Each line starting at the one that contains "Urban luxury in" and ending at the one that contains "A pretty thong" must be returned exactly, and the rest of the listing is left out.

▸ **Records for this exercise**
:::::
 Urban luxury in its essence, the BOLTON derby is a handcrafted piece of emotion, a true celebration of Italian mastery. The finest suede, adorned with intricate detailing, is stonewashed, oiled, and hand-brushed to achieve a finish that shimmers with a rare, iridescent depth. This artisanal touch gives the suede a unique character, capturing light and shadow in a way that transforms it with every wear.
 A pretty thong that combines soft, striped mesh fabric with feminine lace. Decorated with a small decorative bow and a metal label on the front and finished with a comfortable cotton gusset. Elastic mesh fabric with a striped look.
:::::
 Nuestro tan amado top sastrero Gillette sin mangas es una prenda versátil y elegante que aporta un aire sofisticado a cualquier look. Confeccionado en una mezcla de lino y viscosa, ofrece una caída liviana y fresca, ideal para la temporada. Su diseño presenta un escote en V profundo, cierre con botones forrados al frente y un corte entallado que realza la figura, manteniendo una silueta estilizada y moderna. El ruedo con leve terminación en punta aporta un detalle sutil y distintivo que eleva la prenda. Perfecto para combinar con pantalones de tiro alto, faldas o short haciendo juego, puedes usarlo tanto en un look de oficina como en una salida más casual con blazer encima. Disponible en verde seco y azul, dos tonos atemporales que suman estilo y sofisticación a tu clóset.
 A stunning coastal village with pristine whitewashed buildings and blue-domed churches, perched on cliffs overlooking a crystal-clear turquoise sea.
:::::
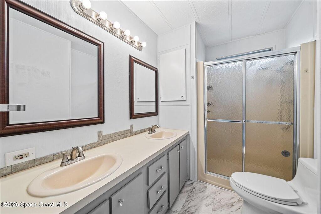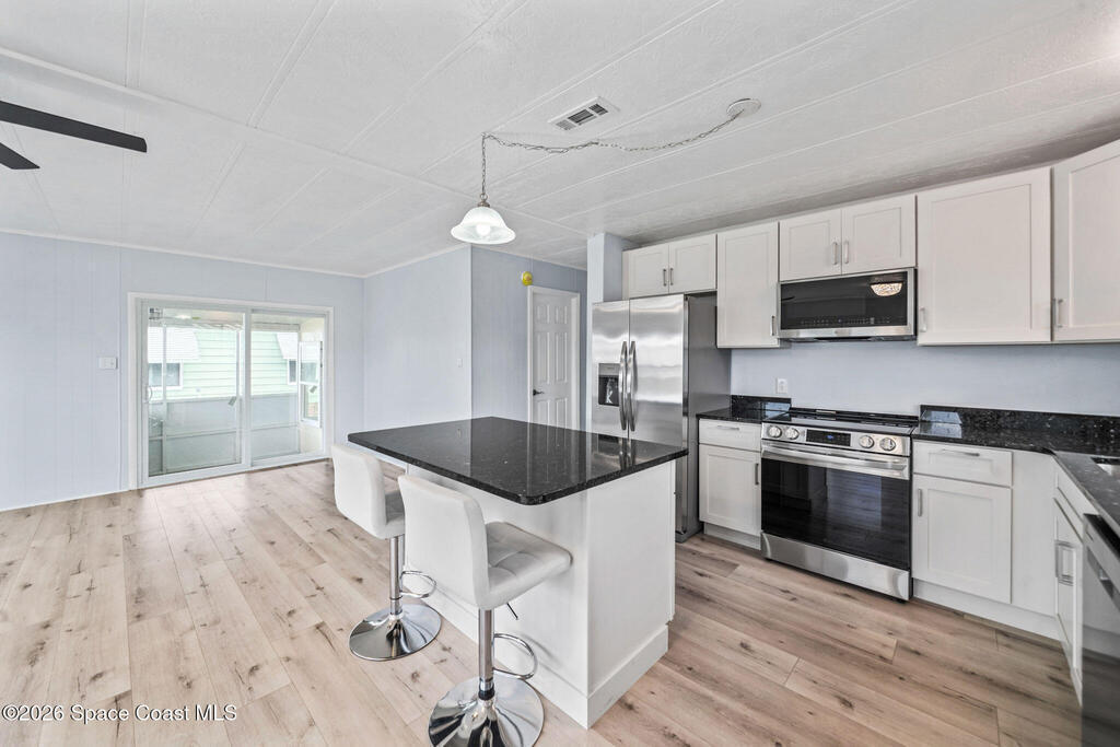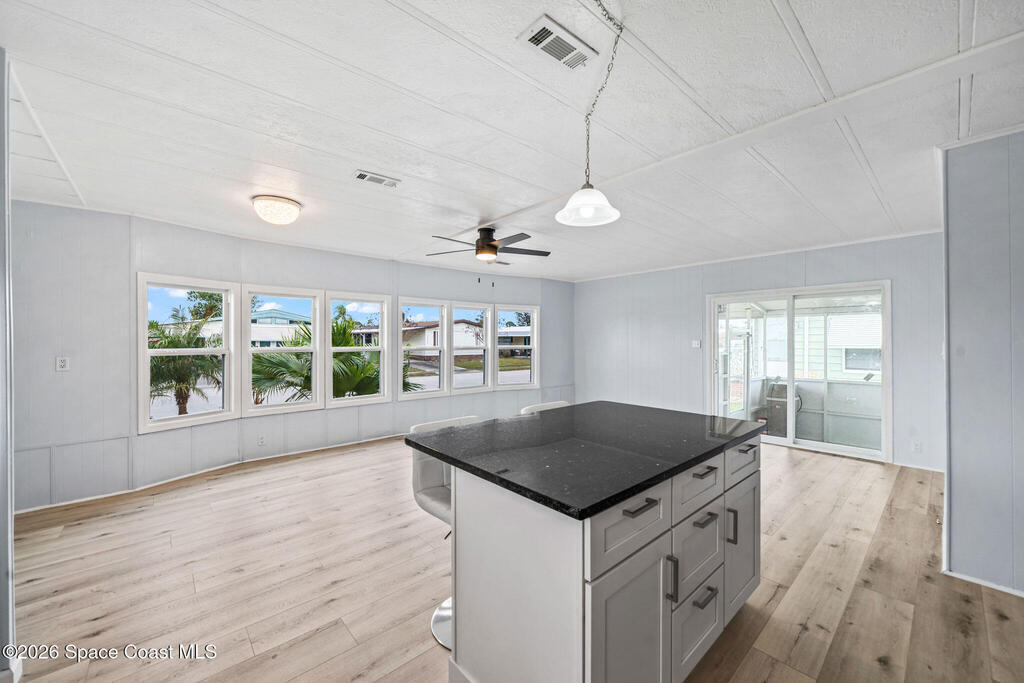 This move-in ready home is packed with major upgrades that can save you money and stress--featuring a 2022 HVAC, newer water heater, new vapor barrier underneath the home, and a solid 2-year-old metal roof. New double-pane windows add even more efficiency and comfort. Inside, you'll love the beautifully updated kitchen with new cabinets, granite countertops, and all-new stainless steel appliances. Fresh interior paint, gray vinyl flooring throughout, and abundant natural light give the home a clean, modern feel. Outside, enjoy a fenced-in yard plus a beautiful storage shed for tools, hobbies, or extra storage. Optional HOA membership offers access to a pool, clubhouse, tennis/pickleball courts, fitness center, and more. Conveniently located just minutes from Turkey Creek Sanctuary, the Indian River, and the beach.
:::::
▸ **Finished exercise**
 Urban luxury in its essence, the BOLTON derby is a handcrafted piece of emotion, a true celebration of Italian mastery. The finest suede, adorned with intricate detailing, is stonewashed, oiled, and hand-brushed to achieve a finish that shimmers with a rare, iridescent depth. This artisanal touch gives the suede a unique character, capturing light and shadow in a way that transforms it with every wear.
 A pretty thong that combines soft, striped mesh fabric with feminine lace. Decorated with a small decorative bow and a metal label on the front and finished with a comfortable cotton gusset. Elastic mesh fabric with a striped look.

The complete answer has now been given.